Although intestinal hormone GLP-1 and incretin-mimetics drugs have been showed to preserve β cell function in animal models, the role in human β cell preservation remains to be established. Clinical studies using for exanatide and liraglutide have presented significant reduction in body weight and in glucagon secretion reduction and insulin secretion and improvement of insulin secretion in short and median term studies but no specific long term randomized studies designed to demonstrate the efficacy of preventing the progression of diabetes was already published (Blonde et al, 2006; Buse et al, 2009). In a similar way DPP-4 inhibitors, despite being demonstrated to improve glucose control with minimal side effects need to be tested in specific studies to demonstrate the advantage of its use precociously in DM2 to prevent β cell deterioration.
3.5. Other drugs
Besides anti-diabetic drugs, other pharmacologic agents as angiotensin converting enzyme inhibitors, calcium channel blockers, thiazides diuretics, beta-blockers, angiotensin receptor blockers were tested in several randomized studies for their potential benefits in reducing diabetes incidence, but evidences were insufficient to demonstrate their efficacy in reducing diabetes (Yussuf et al 2000, Fonseca, 2006
; Padwal & Laupacis, 2004). In one study named Xenical in the Prevention of Diabetes in Obese Subjects (Xendos Study) an antiobesity agent, orlistat (Xenical), in comparison to placebo was tested for prevention of Diabetes and CVD (Torgerson et al 2004). Although it was observed in comparison to placebo a reduction in incidence of diabetes from 9 to 6% and a mean weight reduction of 2.8 kg, the results were not conclusive because the high attrition rate (57%).
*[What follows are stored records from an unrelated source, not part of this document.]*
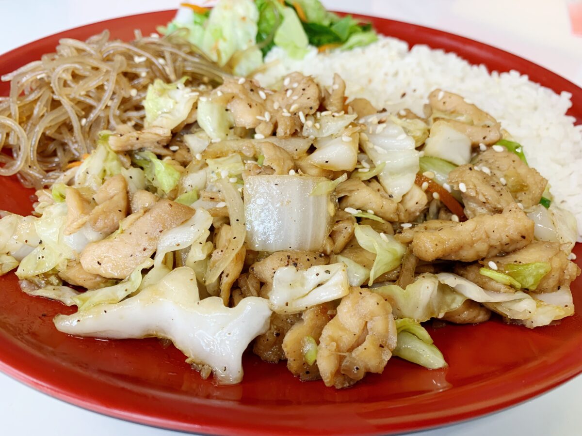 My wife’s spicy chicken certainly lived up to its name. My wife is a sucker for spicy food, and even this was clearing out her sinuses. But the smack of spicy was not without flavor, and combined with the noodles, rice and salad, she had quite the indulgent feast.
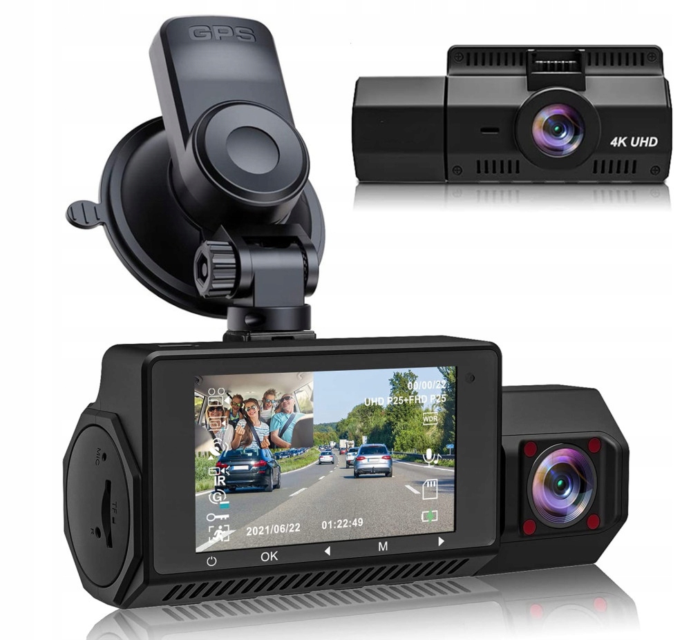 3 камеры спереди, посередине автомобиля, сзади. GPS, Wi-Fi, режим парковки, циклическая запись G-сенсора, инфракрасный порт в камере внутри автомобиля. Запись: с 3-х камер одновременно 4к (2160р) + 2х Full HD (1080р), если только спереди и по центру автомобиля 4к спереди (2160р), центр Full HD (1080р), экран 2,45 дюйма, функциональные клавиши, карта microSD. поддержка 256 ГБ
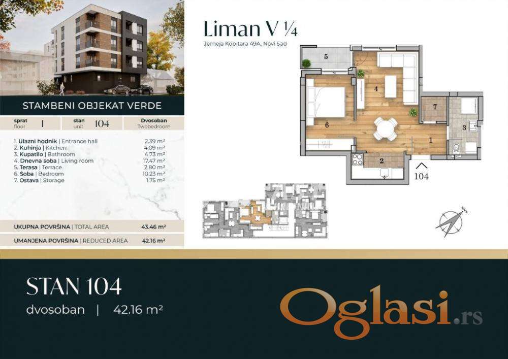 Na jednoj od najtraženijih lokacija u Novom Sadu, u novoizgrađenom objektu Verde, nudimo vam savršeno organizovan dvosoban stan na I spratu. Zgradu gradi jedan od najrenomiranijih i najpouzdanijih investitora, poznat po vrhunskom kvalitetu gradnje, pažljivom odabiru materijala i izuzetno modernom pristupu arhitekturi.

Despite that experimental and clinical data based in long term randomized studies have demonstrated that the precocious pharmacological intervention of insulin sensitizing drugs metformin and TZD can reduce diabetes progression of IGF to clinical diabetes, their clinical systematic recommendation is still debated considering their superior efficacy and safety observed with lifestyle modifications, the coexistence with possible long term effect side effects associated to the drug use and difficultly to determine which kind of subjects will have real future benefits from the precocious drug intervention. Based on this concerns, organizations involved to diabetes study and care as the American Diabetes Association (ADA) and the Brazilian Diabetes Society (SBD) have not, until now, endorsed any recommendations to introduction of pharmacologic intervention in patients with prediabetes.